Dec. 16, 2010
Dear Leslie,
"Mrs. Gill's Baby" is the working title of the book Mrs. Gill's second-grade class at Blanchard School is writing this year. Mrs. Gill used to be named Kristin Hummel. Her class read with me last year and wrote a how-to book titled "How To." Last summer on a beach in Mexico, Ms. Hummel became Kristin Gill.
Now she and her husband Chad are expecting in the spring. Her class is taking the opportunity to write a book about her baby. One week the students wrote about why babies cry and ways to try to stop them from crying. Another week they helped Mrs. Gill design the baby's nursery. "Build a cage" was one student's suggestion.

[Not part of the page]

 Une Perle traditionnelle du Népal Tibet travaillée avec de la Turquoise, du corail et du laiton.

This week the class compiled a list of possible first and middle names for the baby. Some unique names were expected, especially since Mrs. Gill confided they'd had a sugary treat at lunch. Sure enough, Daley proposed naming Mrs. Gill's baby Been There Done That. But many followed the tradition of naming a baby for someone you like or admire. One student offered the name of her stepfather Ronnie.
Mrs. Gill assigned the students name-that-baby homework. Each is to ask their parents why their own name was chosen. Mariah already knows she was named for the singer Mariah Carey. Some of the students have biblical names.

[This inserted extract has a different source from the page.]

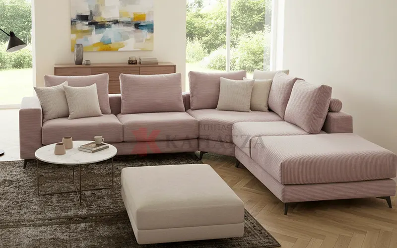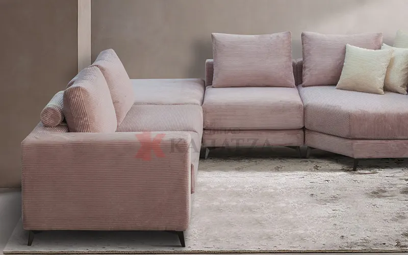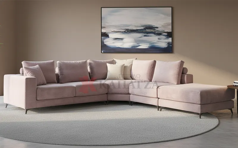 Η διάταξή του σε γωνία προσφέρει άνεση, καθιστώντας τον ιδανικό τόσο για στιγμές χαλάρωσης όσο και για φιλοξενία.

Blanchard is a school with students from many different economic and cultural backgrounds. The school has struggled to fulfill the assessment mandates of No Child Left Behind while coming as close as imaginable to fulfilling the spirit of the act. No child who attends Blanchard is unloved.

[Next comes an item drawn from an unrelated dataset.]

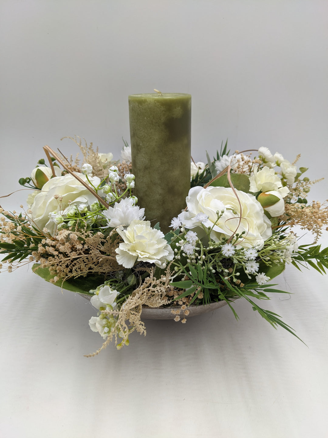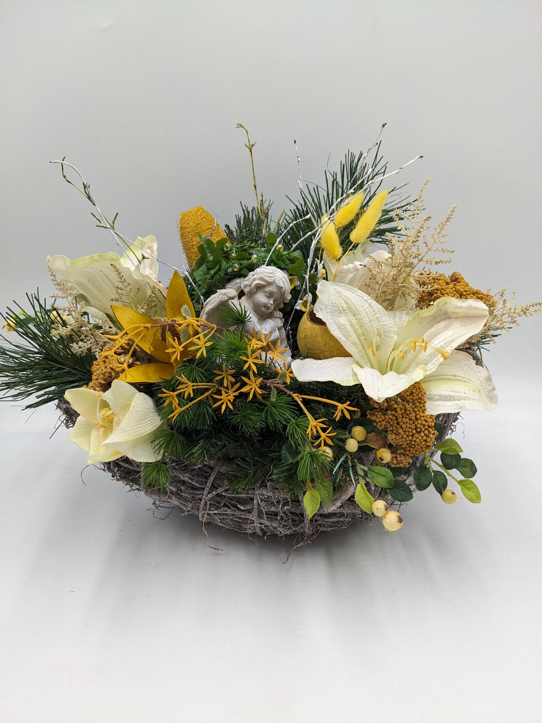 Weihnachtsgesteck Kugel Amaryllis Efeu weiß

Last week several adults from the community discussed books with students at Blanchard at a schoolwide event called Blanchard Reads. The lower grades read "Flat Stanley," a book about a literally two-dimensional boy. The upper grades read "The Leanin' Dog." "The Leanin' Dog" is told by an 11-year-old girl named Dessa Dean, who has nightmares and "daymares" from watching her mother freeze to death in the mountains where they live.
Dessa Dean no longer will step off the porch of the cabin she and her father live in but finally confronts her fears thanks to the injured stray dog she befriends.
Mrs. Pennington's fourth-grade class at Blanchard included a number of students who read with me when they were in the second grade. Their lively questions and curiosity made me think of reading "The Boxcar Children" in the third grade. My class at Jefferson School was enthralled as Miss Bowers read to us of orphaned children who run away to live in a boxcar in the woods. My memories of the book may not be accurate, but they are of children who help each other survive and meals of squirrel and sourdough biscuits. They had a wonderful life, I thought.
Dessa Dean spends much of this book searching for her dog's true name. When the dog finally responds, Dessa Dean's father tells her, "A dog knows when she's found a soul that understands her."
I wanted to name one of our new dogs for Dizzy Dean and Dizzy Gillespie, but when we saw him spin in circles each time his newly filled food bowl began descending toward the floor we knew he was Dizzy all the way around.
Like dogs, people seem to become their names.
When Mrs. Gill asked the class to tell me one thing they really want for Christmas, electronic games and dolls topped many of the students' lists. Some couldn't limit their wants to one thing. "Remember the G-word we talked about?" Mrs. Gill asked.
"Greed," the children said as one.
That's when an angelic-faced girl named Serenity raised her hand.
"I just want everyone to have a merry Christmas," she said.
Love, Sam
Sam Blackwell is a former Southeast Missourian reporter.